Nothing but the pictures may be dropped; the rest of the listing is to be written out exactly.

INFORMATION SHOWN ::

++++++++++

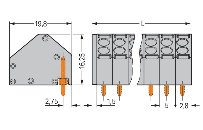 WAGO ELETTRONICA - Connettore femmina per 2 conduttori.1,5 mm².Passo pin 5 mm.grigio 806-112
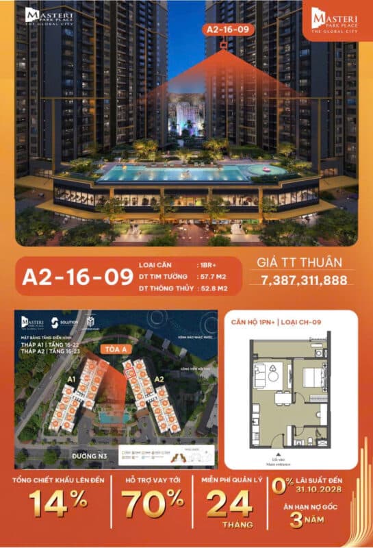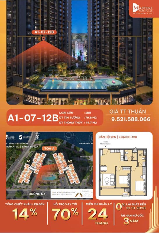 Khu đô thị The Global City đang trở thành tâm điểm thị trường căn hộ Quận 2 nhờ quy hoạch chuẩn quốc tế, loạt tiện ích biểu tượng và tốc độ hoàn thiện hạ tầng cực nhanh. Trong đó, phân khu Masteri Park Place – đặc biệt là tòa A1 & A2 sở hữu view trực diện kênh đào nhạc nước 2km – đang được xem là giỏ hàng đắt giá nhất hiện tại.
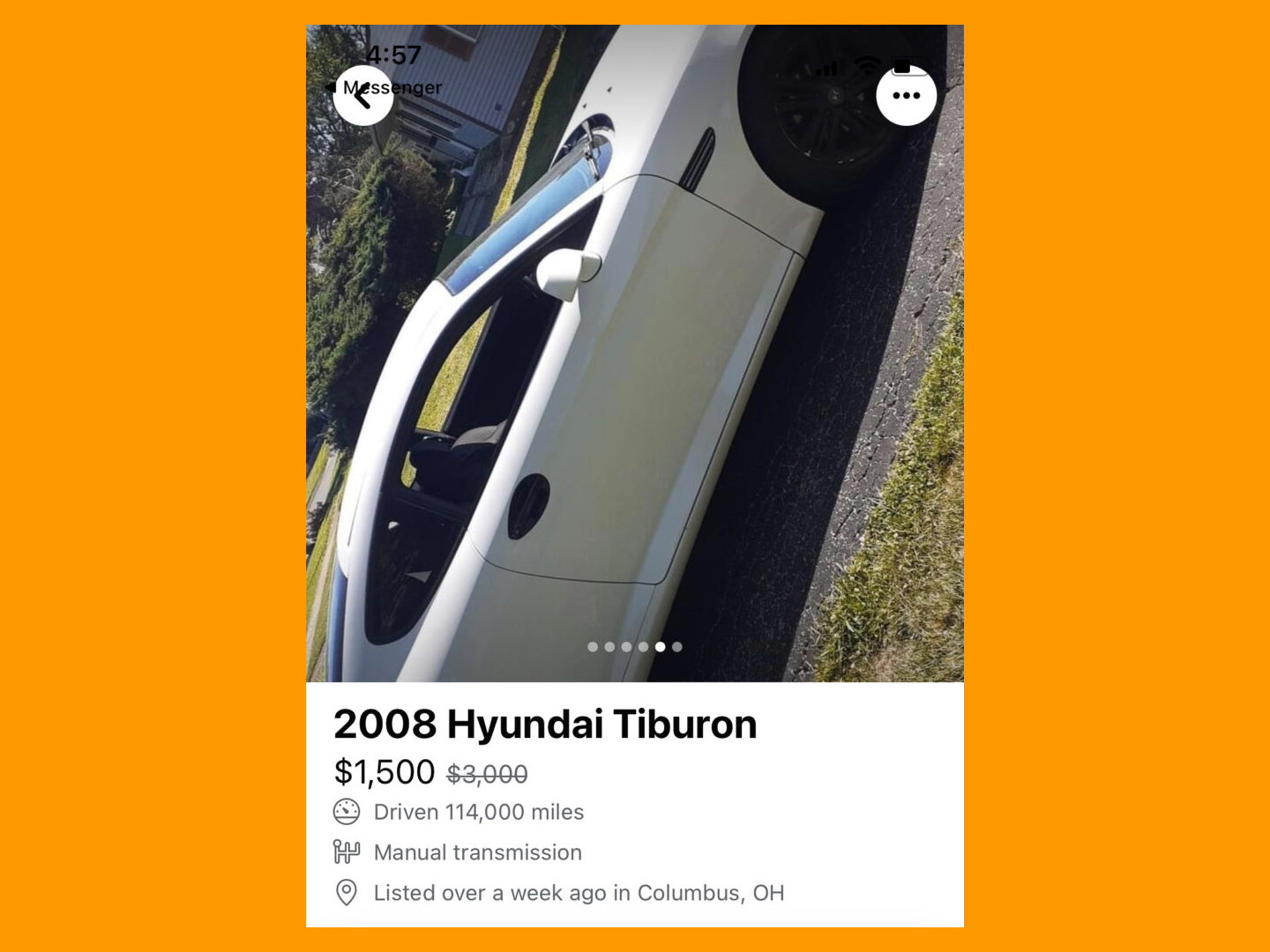 I’ve had some tough weeks of fruitless searching on Craigslist and Facebook Marketplace recently. I’m always deal-hunting, trying to find a car that I can easily fix, drive around for a bit, and then sell for a profit. Lately, it seems like any good deal or potential flip gets sold quickly, even minutes after being listed. Well, after dejectedly looking for what felt like forever, I stumbled upon an ad on Facebook Marketplace for a 2008 Hyundai Tiburon. This particular car had a five-speed manual, mated to the smaller (but cheaper to replace) 2.0-liter four-cylinder engine. According to the ad, the car had only done 114,000 miles but it “needed a new motor.” It had also been listed for sale twice, the first listing having been put up more than fourteen weeks prior.
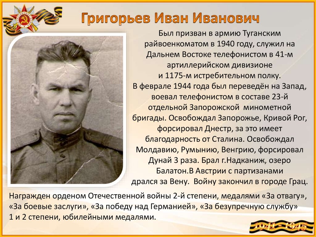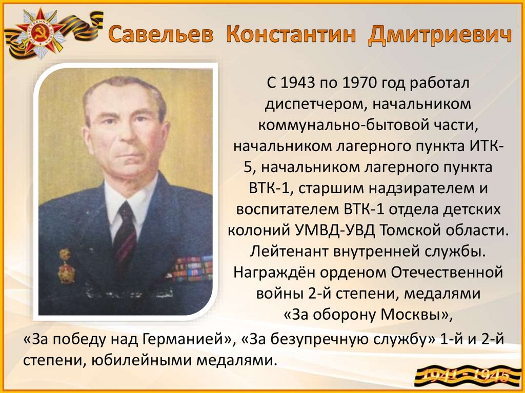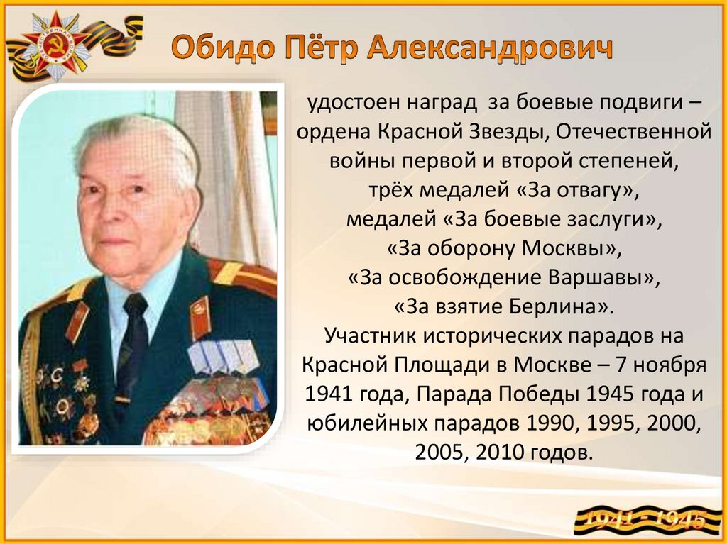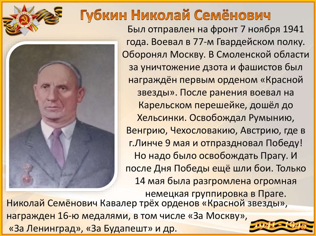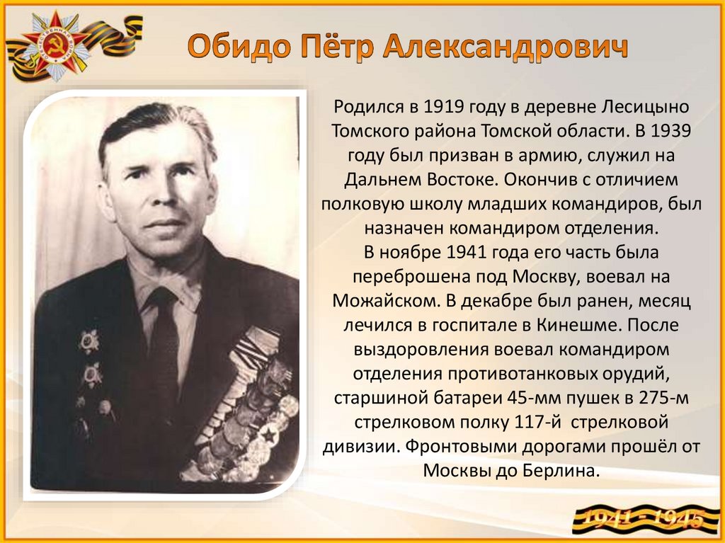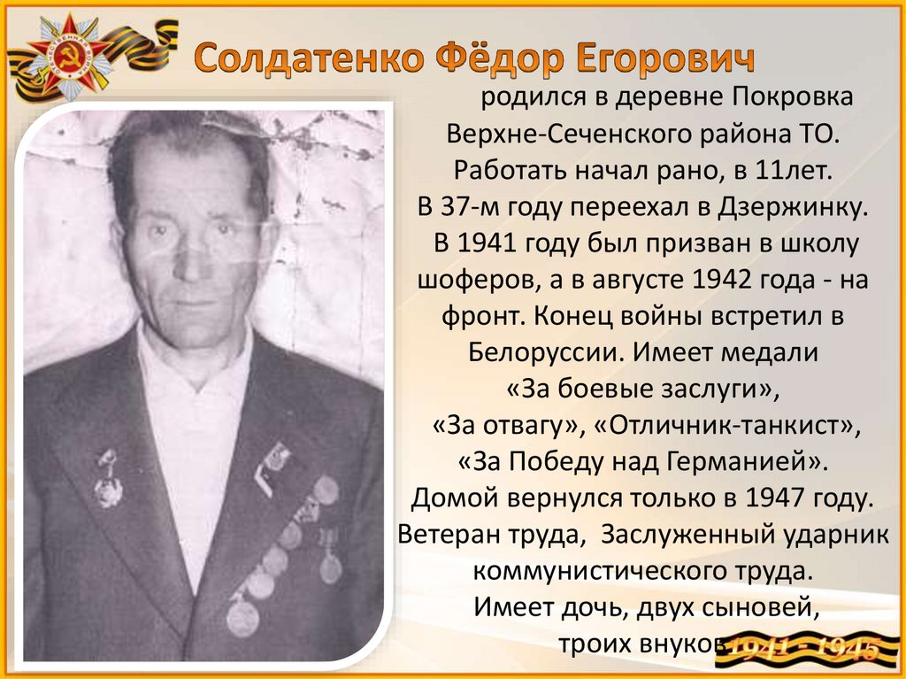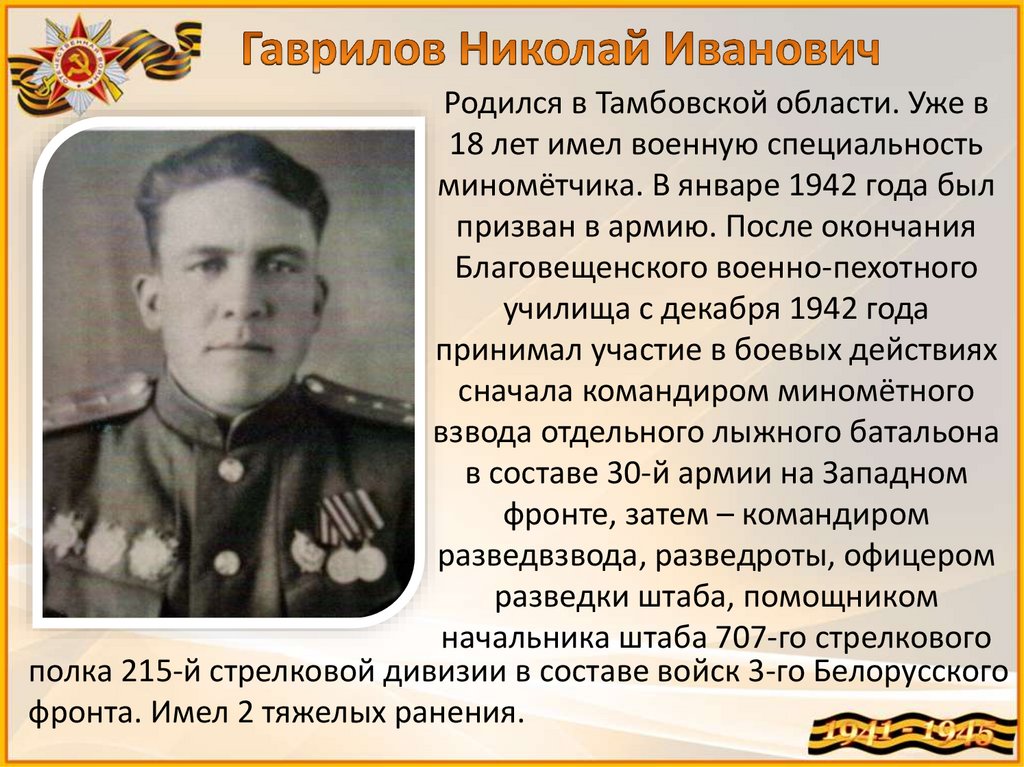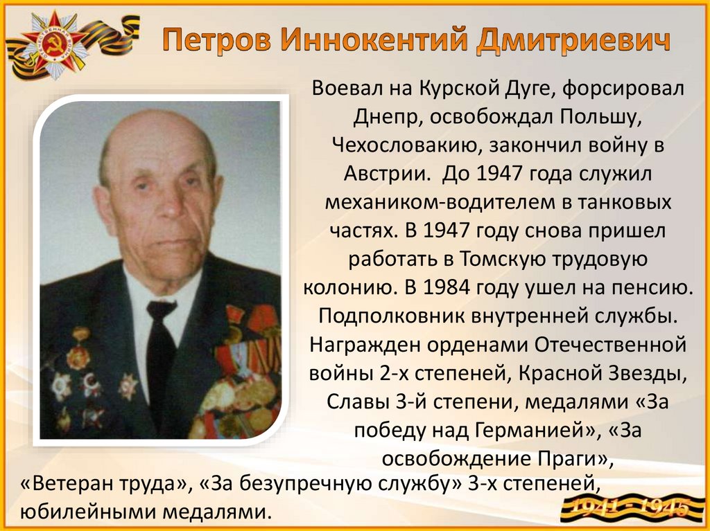 удостоен наград за боевые подвиги –ордена Красной Звезды, Отечественной

++++++++++

ANSWER BELOW ::
 WAGO ELETTRONICA - Connettore femmina per 2 conduttori.1,5 mm².Passo pin 5 mm.grigio 806-112
 Khu đô thị The Global City đang trở thành tâm điểm thị trường căn hộ Quận 2 nhờ quy hoạch chuẩn quốc tế, loạt tiện ích biểu tượng và tốc độ hoàn thiện hạ tầng cực nhanh. Trong đó, phân khu Masteri Park Place – đặc biệt là tòa A1 & A2 sở hữu view trực diện kênh đào nhạc nước 2km – đang được xem là giỏ hàng đắt giá nhất hiện tại.
 I’ve had some tough weeks of fruitless searching on Craigslist and Facebook Marketplace recently. I’m always deal-hunting, trying to find a car that I can easily fix, drive around for a bit, and then sell for a profit. Lately, it seems like any good deal or potential flip gets sold quickly, even minutes after being listed. Well, after dejectedly looking for what felt like forever, I stumbled upon an ad on Facebook Marketplace for a 2008 Hyundai Tiburon. This particular car had a five-speed manual, mated to the smaller (but cheaper to replace) 2.0-liter four-cylinder engine. According to the ad, the car had only done 114,000 miles but it “needed a new motor.” It had also been listed for sale twice, the first listing having been put up more than fourteen weeks prior.
 удостоен наград за боевые подвиги –ордена Красной Звезды, Отечественной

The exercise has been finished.